Jade. China, Han dynasty, 1st century BC – 1st century AD
The strong impact of this disc is given by the twisting and turning of the sculptural dragons carved in high relief. The top is decorated with two dragons that encircle and overlap the surface of the disc. Their tails, bodies, and heads form a series of curves that cover the entire surface in such a way that it is difficult to discern where one dragon ends and the other begins: in fact, the neck and appendages of one attach to the other’s curled, wavy tail. Their turned back heads curve into the center of the disc and face their bodies that are decorated with a simple carved line that runs along the entire length. Tear-drop incisions, parallel lines and double lines define the limbs, tails, and other details of the bodies, while the two carved parallel lines that define the snout curve outwards to describe the eyes. Engraved lines create a thin border along the circumference of the disc and the internal hole, and the surface of the back is filled in with a pattern of raised carved curls.
Visible transition of the alteration of the stone, from the top carved area through towards the bottom, is evident by the changes in color: about half of the bottom and all the carved decorations on the top have turned white, grayish, and opaque. The disc is heavily encrusted with black and turquoise deposits in all the grooves and carved areas which are due to contact with iron and bronze, respectively. The corrosion has given way to multiple nicks around the exterior of the disc and in a few places on the outer area of the carving. The jade retains its smooth, shiny texture and some of its translucency, mostly on the bottom part of the disc.
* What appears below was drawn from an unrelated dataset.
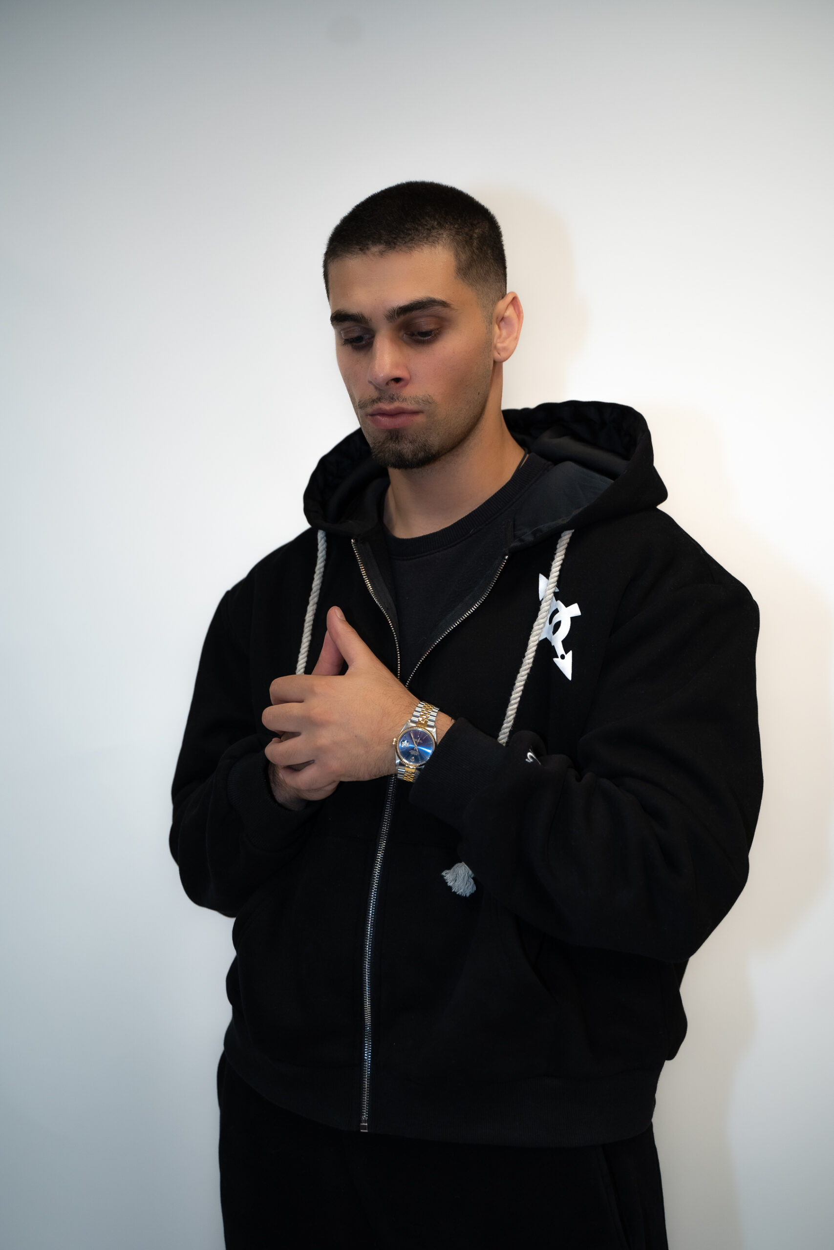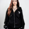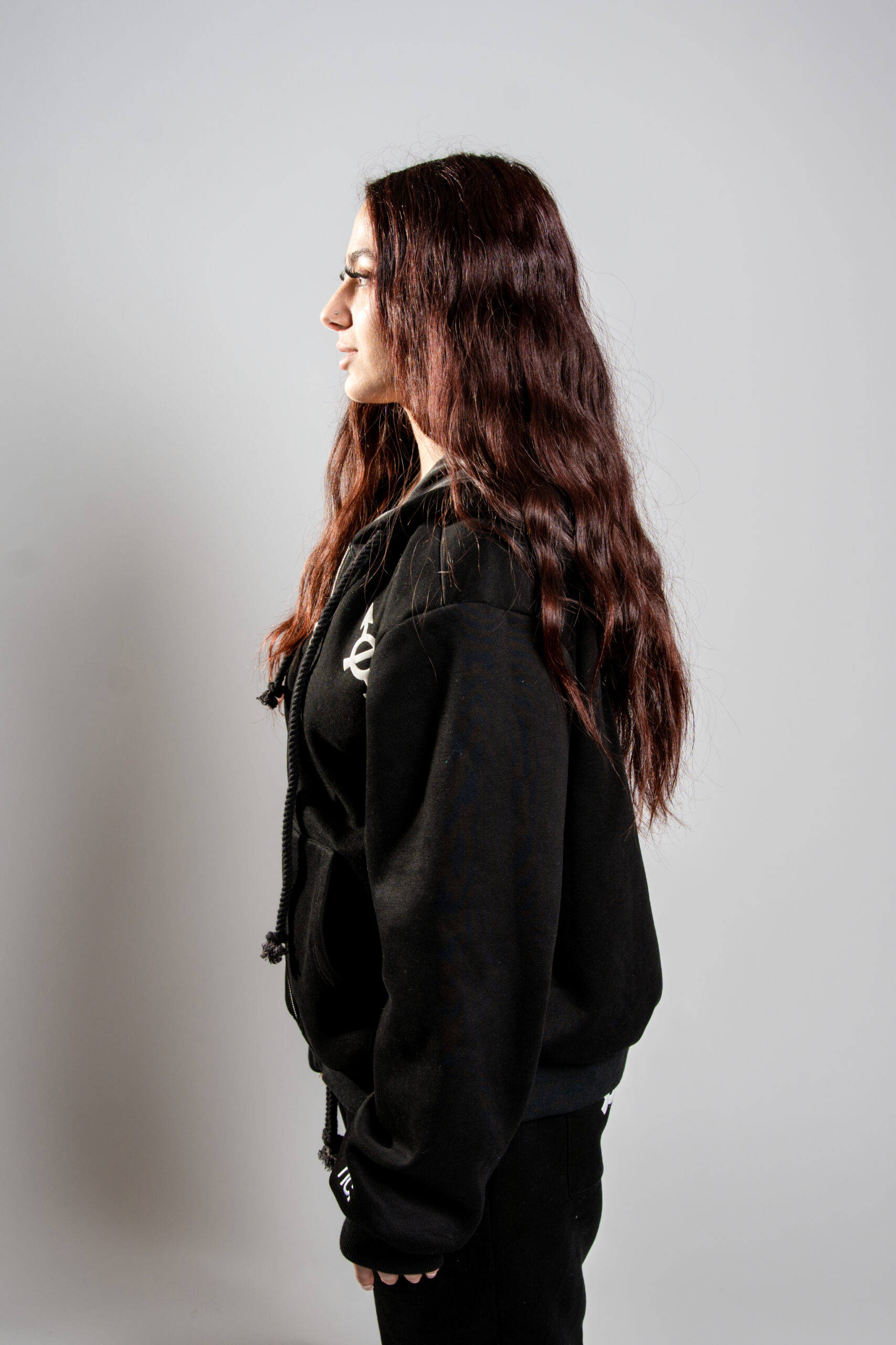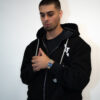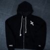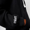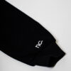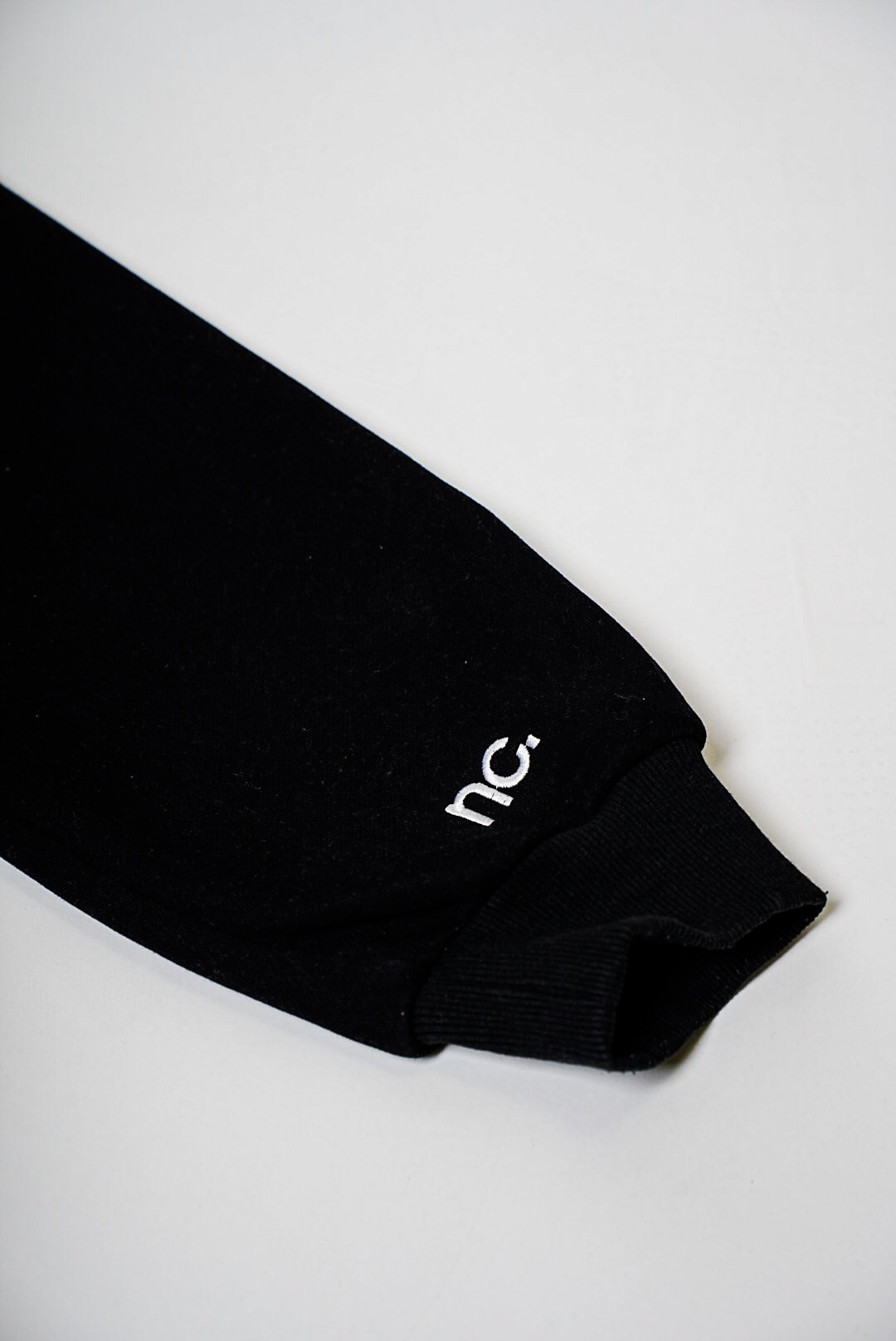 In deep black, this hoodie features “misfit” embroidery on the right sleeve, a minimalist ‘nc’ logo on the left, and a striking graphic on the chest.

The presence of small metal encrustations suggest that this ring was used as a sword fitting, most likely as a pommel.
Compare with a round sword fitting from the Arthur M. Sackler collection at Christie’s New York in Fine Chinese Ceramics and Works of Art on 16 September 2010, lot 984 (part lot), sold for USD 10,625, and another, also carved with chilong, at Christie’s Hong Kong in Adorning the Kings - A Private Collection of Archaic Jade Ornaments on 31 May 2017, lot 2711 (part lot), sold for HKD 8,460,000.
DIAMETER 6.5 cm
Provenance: Collection of Prof. Filippo Salviati, formerly from the estate of a Roman diplomat, acquired at Babuino auction house in March 2018 (copy of acquisition receipt available).